I fell  in love for the first time when I was seven. The woman, though I suppose she was only 15 or so, was the daughter of a family friend's, who stayed with us for a week near our summer house. The day I first fell in love it was dreadfully hot. On the grass, gnats were swarming in and out of geometric shapes. Everything outside looked wilted, trees leaves were curling down, and the dog was lying in a the shadow of the house, panting as if he'd been running all afternoon.


The girl, Claire, didn't say anything to me as I played a game of war between my Transformers and some rubber dinosaurs. Who's to say who would win if it came to a fight between a T-Rex and an autobot? The T-Tex was larger, and I scooted him across the floor rather awkwardly because his tail was longer than his legs and struck the floor first, making walking naturally a near impossibility. This minor fact would eventually bring about the extinction of the dinosaurs though the details of that battle are now sketchy.



Claire sat in the corner of the room, at a bay window that gave a view of a gigantic oak that stretched up as if it might one day pierce the sky. She looked out the window pensively, the down on her cheeks was visible in the warm light. Was she beautiful? I don't really remember if she was aesthetically perfected, but I remember having a sense that she was beautiful. I had this feeling after watching her assemble a fleet of swans from a few sheets of scrap paper that she brought up to the room. While she stared out the window, probably thinking of some boy or her distant friends, her hands worked furiously turning the blank nothingness of a paper into swans. I understood then that she was made beautiful by the act of creation.
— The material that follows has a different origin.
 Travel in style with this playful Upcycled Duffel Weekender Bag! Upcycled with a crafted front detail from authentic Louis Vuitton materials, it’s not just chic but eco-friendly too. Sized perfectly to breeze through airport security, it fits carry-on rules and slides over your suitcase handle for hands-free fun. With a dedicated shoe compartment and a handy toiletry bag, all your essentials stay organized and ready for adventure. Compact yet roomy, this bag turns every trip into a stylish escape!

At first the swans were regular seeming swans that I've seen since in other people who were expert at origami. She produced three or four swans, similar looking, though upon closer inspection it was clear that she'd made a male swan and a female, arcing her neck ever so slightly to keep an eye on the two almost infinitesimally smaller swans, juveniles I suppose, who were behind her.


As the afternoon took shape, a slight breeze stirred the leaves of the oak and drove the gnats from the grass. That night we had a summer storm, with heat lightning and the deafening crack of thunder. But that was still hours away and as Claire worked the shapes grew increasingly more ornate and beautiful. Soon she was making replicas of the dinosaurs and Transformer that I was playing with, and, again upon closer inspection, a replica of me playing with the dinosaurs, now made so small as to be able to be cupped in my little paper hand. It took a magnifying glass to see the sort of craftsmanship that she was somehow capable of that afternoon. I searched this all out after she'd left the room, taking a short walk down by the deep blue lake water before the storm set in.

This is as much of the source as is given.